Whenever you’re working up a sweat on the bike, or even at the gym, sometimes you need a little boosts of energy to really keep you going.
Proteins are essential when you’re training as they provide much needed fuel to get those muscles working, and are also responsible for building and repairing muscle.
How to: Use Protein to Your Advantage in Recovery and Weight Loss
Healthy foods don’t have to be tasteless, nor do you need to spend a small fortune on powders, gels and soluble tablets. Many of the best sources of protein can be easily bought in any grocery store, so you can make your own bite-size boosts.
Here’s some quick and easy protein snacks to take out with you on the bike, or for those post-workout cravings.
Peanut Butter & Chocolate Energy Balls
Peanut butter is packed full of flavour and protein, and when you combine it with chocolate, it’s a winning combination.

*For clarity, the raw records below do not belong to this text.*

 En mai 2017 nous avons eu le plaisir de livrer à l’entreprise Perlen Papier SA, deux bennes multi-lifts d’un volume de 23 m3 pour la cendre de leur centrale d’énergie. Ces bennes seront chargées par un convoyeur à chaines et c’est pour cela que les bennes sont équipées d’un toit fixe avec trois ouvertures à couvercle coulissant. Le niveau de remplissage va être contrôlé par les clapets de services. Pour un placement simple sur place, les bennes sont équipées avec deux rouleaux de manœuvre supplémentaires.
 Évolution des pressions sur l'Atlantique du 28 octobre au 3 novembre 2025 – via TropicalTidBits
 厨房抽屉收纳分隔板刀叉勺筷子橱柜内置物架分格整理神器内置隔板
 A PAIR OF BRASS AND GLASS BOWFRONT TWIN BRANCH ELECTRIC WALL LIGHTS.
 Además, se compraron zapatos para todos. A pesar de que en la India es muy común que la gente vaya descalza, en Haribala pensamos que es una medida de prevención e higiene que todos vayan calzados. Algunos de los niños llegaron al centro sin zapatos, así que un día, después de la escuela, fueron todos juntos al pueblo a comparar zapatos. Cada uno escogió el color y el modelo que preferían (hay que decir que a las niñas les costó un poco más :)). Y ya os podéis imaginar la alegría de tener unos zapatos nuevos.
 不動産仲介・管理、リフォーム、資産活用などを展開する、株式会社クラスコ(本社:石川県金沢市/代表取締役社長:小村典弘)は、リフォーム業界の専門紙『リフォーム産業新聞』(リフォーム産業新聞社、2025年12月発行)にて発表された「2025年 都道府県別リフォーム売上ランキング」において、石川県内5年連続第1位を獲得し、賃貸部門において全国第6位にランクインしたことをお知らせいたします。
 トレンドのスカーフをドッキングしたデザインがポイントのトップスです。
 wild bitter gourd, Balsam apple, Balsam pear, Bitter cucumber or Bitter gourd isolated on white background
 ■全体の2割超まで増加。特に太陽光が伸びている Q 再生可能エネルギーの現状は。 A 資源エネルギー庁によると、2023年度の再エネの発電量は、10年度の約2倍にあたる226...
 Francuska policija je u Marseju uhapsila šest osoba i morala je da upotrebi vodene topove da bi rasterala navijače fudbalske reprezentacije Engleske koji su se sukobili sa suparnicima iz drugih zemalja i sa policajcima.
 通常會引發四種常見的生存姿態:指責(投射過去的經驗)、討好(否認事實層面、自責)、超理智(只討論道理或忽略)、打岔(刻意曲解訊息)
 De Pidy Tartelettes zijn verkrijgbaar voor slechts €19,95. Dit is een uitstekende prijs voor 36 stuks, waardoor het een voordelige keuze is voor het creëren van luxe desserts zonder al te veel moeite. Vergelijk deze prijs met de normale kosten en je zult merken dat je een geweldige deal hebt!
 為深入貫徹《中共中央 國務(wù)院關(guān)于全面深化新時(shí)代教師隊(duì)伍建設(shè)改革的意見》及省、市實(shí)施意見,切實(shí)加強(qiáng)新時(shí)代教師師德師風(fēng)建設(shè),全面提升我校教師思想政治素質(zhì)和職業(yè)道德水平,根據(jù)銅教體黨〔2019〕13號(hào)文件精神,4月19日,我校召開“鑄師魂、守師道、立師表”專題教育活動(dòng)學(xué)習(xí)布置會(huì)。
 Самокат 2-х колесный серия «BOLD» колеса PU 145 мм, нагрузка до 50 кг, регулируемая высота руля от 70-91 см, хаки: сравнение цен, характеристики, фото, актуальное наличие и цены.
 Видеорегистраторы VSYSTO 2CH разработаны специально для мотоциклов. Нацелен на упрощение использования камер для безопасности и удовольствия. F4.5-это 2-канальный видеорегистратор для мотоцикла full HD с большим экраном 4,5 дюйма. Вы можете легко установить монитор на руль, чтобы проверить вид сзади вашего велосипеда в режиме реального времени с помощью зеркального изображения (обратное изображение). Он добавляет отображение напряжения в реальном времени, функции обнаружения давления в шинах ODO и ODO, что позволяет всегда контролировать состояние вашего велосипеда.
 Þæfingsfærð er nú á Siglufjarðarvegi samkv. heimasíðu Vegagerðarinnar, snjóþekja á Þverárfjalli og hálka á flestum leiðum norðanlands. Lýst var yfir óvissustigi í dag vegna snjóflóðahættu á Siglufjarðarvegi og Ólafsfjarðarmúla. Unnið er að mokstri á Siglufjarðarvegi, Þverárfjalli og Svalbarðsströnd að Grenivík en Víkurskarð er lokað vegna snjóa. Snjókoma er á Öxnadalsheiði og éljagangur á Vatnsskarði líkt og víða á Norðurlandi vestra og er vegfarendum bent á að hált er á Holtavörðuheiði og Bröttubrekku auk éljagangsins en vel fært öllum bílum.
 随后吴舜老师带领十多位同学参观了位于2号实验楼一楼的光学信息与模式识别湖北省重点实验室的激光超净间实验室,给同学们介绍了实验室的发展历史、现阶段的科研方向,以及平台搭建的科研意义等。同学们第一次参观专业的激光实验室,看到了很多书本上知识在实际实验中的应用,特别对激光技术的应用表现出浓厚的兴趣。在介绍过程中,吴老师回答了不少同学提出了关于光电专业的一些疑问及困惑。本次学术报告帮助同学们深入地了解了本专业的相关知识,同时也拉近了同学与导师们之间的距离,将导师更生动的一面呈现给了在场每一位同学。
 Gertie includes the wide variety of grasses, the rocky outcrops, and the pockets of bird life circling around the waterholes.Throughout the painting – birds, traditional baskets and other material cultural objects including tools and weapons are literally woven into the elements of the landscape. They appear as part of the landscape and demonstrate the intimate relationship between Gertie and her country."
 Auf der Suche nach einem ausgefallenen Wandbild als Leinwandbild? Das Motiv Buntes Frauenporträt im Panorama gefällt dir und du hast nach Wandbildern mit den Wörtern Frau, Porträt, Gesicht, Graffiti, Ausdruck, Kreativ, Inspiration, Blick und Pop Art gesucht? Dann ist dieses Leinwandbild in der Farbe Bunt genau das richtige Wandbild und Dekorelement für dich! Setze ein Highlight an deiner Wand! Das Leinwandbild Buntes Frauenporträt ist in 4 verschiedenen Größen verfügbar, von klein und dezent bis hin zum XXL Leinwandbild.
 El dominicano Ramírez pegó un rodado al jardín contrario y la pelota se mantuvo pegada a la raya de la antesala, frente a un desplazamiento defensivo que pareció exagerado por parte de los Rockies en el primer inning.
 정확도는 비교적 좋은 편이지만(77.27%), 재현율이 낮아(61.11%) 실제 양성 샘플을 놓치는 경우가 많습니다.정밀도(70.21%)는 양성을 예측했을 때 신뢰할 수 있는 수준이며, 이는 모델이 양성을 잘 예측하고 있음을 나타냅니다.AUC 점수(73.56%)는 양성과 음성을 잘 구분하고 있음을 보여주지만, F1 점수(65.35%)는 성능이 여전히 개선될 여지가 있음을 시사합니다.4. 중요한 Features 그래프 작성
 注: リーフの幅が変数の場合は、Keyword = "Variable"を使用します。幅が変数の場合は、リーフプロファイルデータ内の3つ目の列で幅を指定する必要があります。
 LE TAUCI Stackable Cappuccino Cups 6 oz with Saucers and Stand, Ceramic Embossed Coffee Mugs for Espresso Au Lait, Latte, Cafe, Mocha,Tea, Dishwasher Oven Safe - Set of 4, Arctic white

To make this little balls of energy bliss, you’ll need: a mashed banana, 1 tbs cocoa powder, 1 tbs peanut butter, 2 tbs, flax seed, 2 tbs Vanilla protein power and 65g of rolled oats.
Thoroughly mix the banana, cocoa powder, peanut butter, flax seen and protein power into a medium bowl until they stick together. Stir in the rolled oats, until the ingredients are evenly mixed.
Scoop out balls of the mixture onto a greaseproof tray, and refrigerate for at least 30 mins. Et viola! Each of these tasty balls will contain roughly 4g of protein.